The above framework partially acknowledges Russia's (as a country with an imperial past) perceptions of security issues and takes into account the historical background of the Russian-Ukrainian conflict. However, it does not accept Russia's strategic instrumentalization, military means and invasion. The war could have been avoided in the context of preventive diplomacy and balancing interests. This approach also includes the proposal for a neutral Ukraine that will not join NATO, operating as a "buffer state" between the West and Russia. The criticism that was made focused on the fact that the current presidency, with its policy, essentially pushed out the Russian invasion, created strategic resistances to US hegemony (counter-alignments) by thwarting targets[29] from third countries (India, Turkey, Brazil, etc.) and forced its two major rivals (China and Russia) to unite[30]This union creates in Eurasia a single geopolitical entity (HyperAsia) with superpower characteristics.[31]With international stability fundamentally shaken, Henry Kissinger declared: "We are on the brink of war with Russia and China over issues that we have partly created, without any idea how it will end or where it is supposed to lead."[32]».
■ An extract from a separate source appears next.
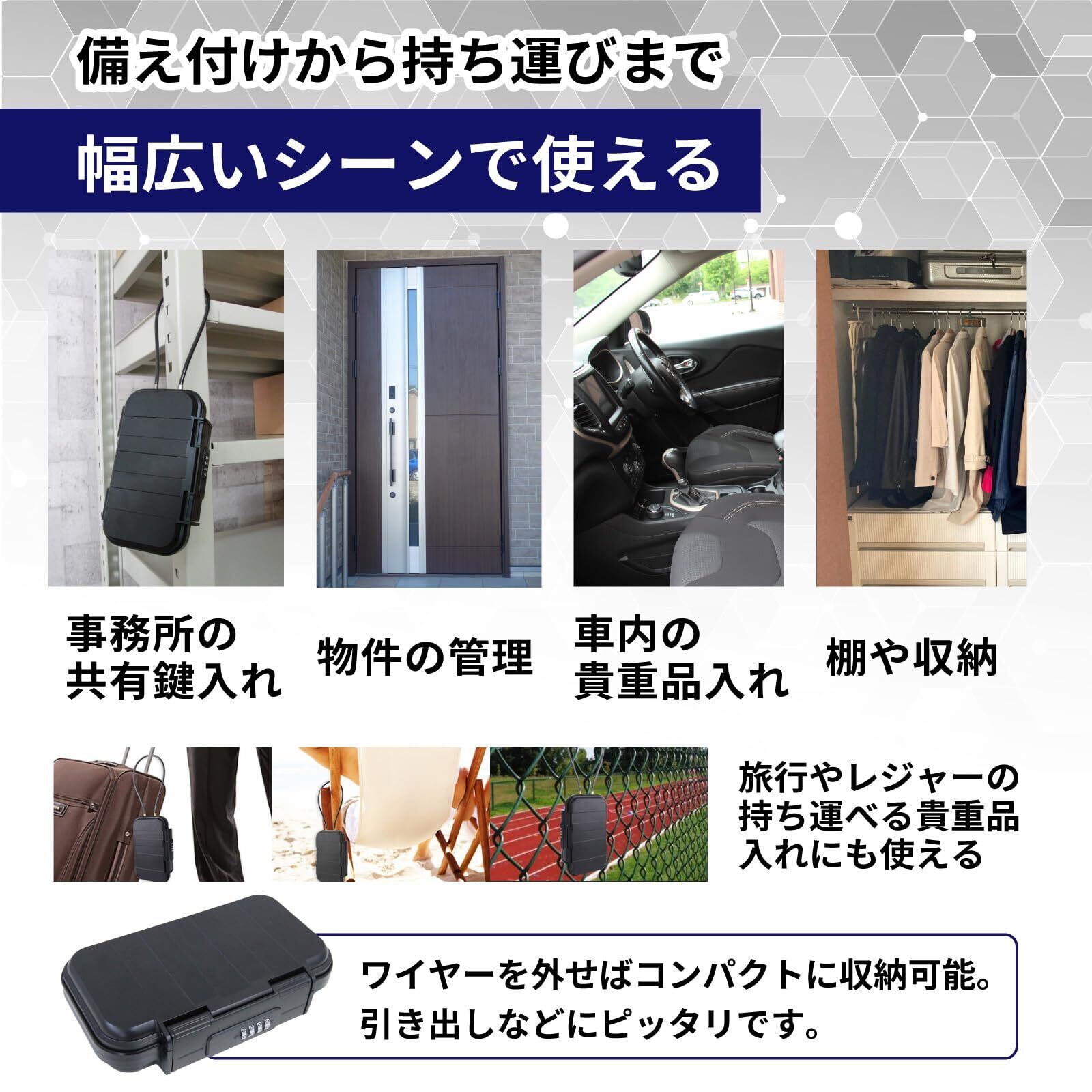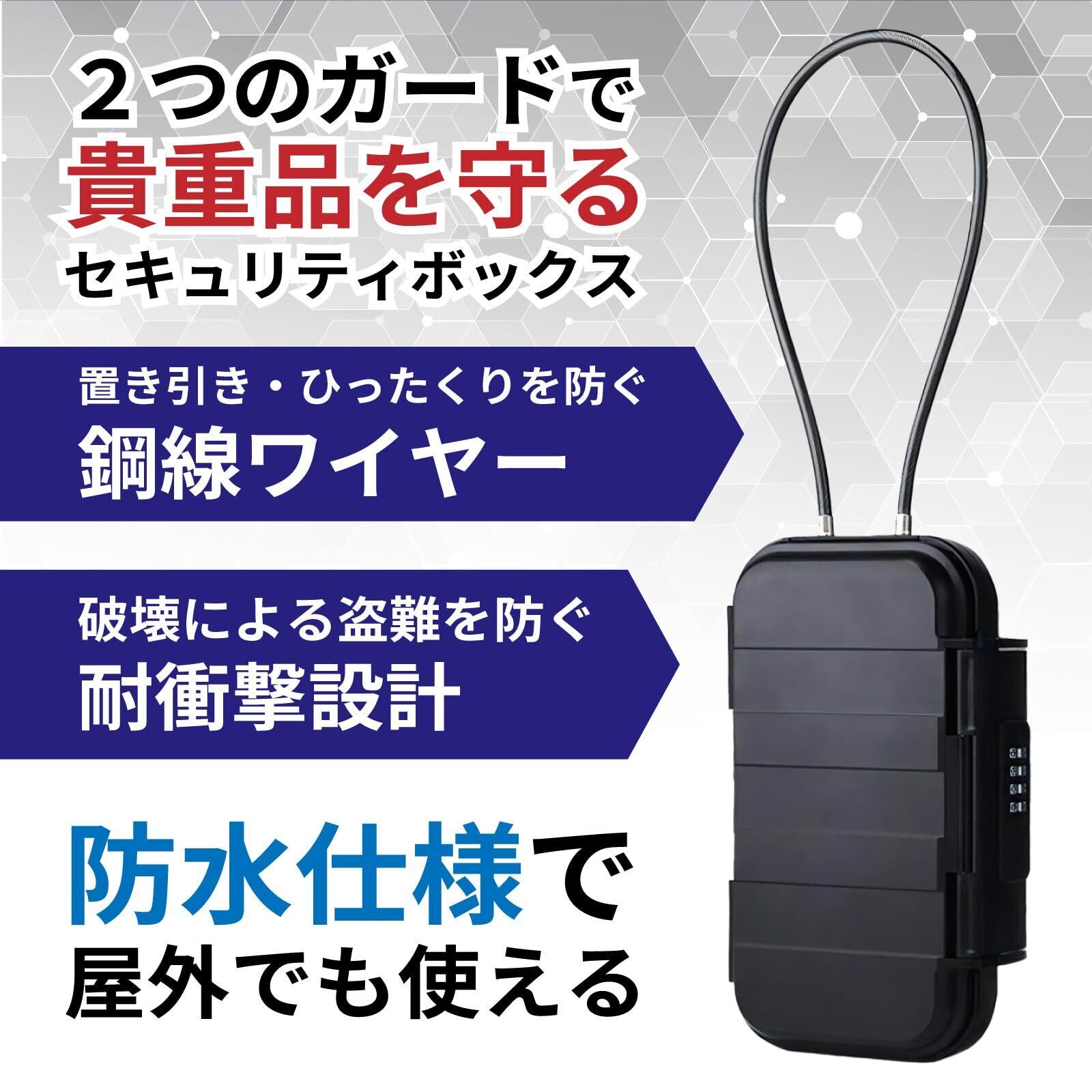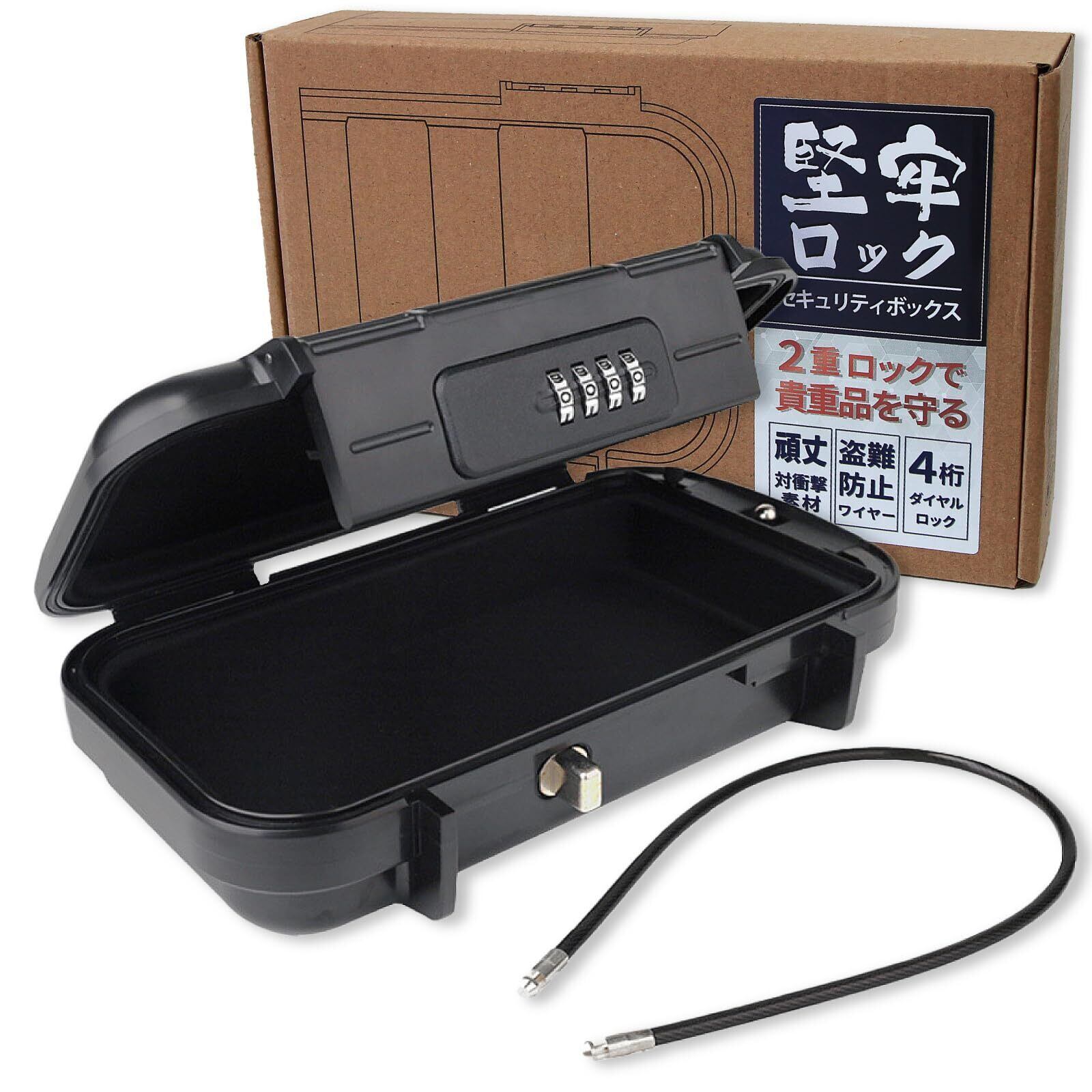 堅牢ロック セキュリティーボックス ポータブルセーフ 二重ロック コンパクト設計 耐衝撃 防水 軽量 旅行 アウトドア 車載 鍵不要 貴重品入れ 貴重品保管 小型金庫 防犯ボックス

The second view of the American decision-making system stems from the long-standing strategy of encircling Russia.[33] and avoiding the coupling of Western and Eastern Europe, preventing the possibility of creating a new Eurasian power. The consolidation of peace and the existence of a functional collective security system presuppose coexistence with Russia as a truly democratic and European “post-imperial” nation-state with some form of connection or even understanding with the transatlantic community. For moral reasons, the westernization of society, political modernization and progress in human rights constitute prerequisites for Russia to be an integral part of the geostrategic triad in Eurasia along with Europe and China. Zbigniew Brzezinski strongly supported this specific framework according to which the US should confront Moscow from a position of strength with a combination of incentives for cooperation and readiness for confrontation with it[34]. The change in China's status quo from strategic partner to competitor, as first publicly acknowledged by George O. Bush[35], defined a new stake: balancing China's rise. As a result, the doctrine of dual containment towards Russia and China became the central axis of American strategy in the new multipolar world that was emerging. This vision was implemented mainly through the enlargement of NATO to Russia's western borders under the presidencies of Bill Clinton and George O. Bush.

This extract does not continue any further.